### WHAT TO PRODUCE
In the entries below, repeat only the lines between those holding "舉個(gè)栗子,在河南連續" and "Люди проходят мимо", inclusive. Leave pictures out.

### PROVIDED MATERIAL

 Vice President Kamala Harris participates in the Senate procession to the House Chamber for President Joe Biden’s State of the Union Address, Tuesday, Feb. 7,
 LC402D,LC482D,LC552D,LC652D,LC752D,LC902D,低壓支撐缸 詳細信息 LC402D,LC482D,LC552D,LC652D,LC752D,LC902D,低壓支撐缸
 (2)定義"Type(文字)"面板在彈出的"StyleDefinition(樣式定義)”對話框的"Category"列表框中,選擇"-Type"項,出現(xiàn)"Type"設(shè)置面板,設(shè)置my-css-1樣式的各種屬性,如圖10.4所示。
* * *
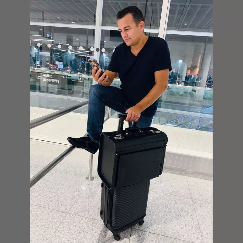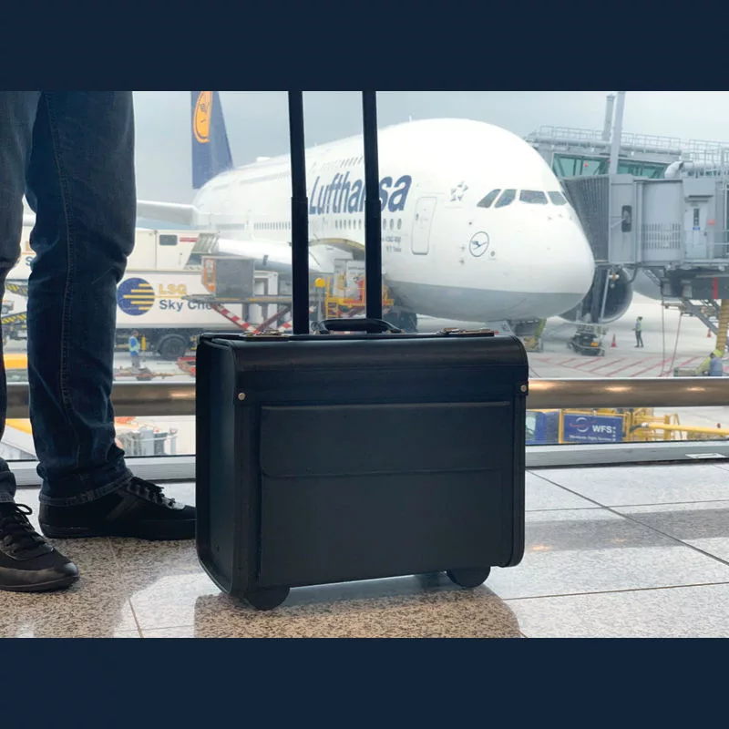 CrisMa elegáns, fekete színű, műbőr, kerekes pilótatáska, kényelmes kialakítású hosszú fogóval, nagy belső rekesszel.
* * *
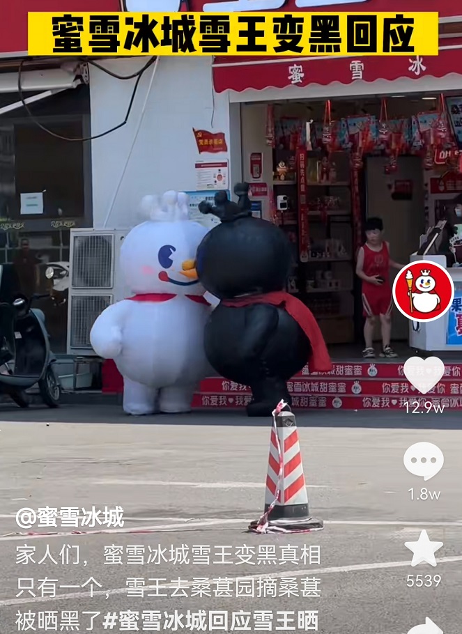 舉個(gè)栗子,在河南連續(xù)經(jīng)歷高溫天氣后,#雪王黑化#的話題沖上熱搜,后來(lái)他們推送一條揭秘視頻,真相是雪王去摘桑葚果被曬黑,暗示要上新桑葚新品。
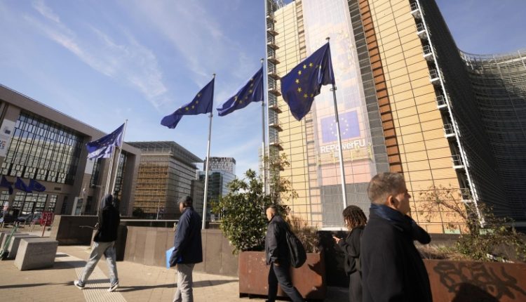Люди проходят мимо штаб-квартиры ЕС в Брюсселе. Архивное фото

### RESPONSE BELOW
 舉個(gè)栗子,在河南連續(xù)經(jīng)歷高溫天氣后,#雪王黑化#的話題沖上熱搜,后來(lái)他們推送一條揭秘視頻,真相是雪王去摘桑葚果被曬黑,暗示要上新桑葚新品。
Люди проходят мимо штаб-квартиры ЕС в Брюсселе. Архивное фото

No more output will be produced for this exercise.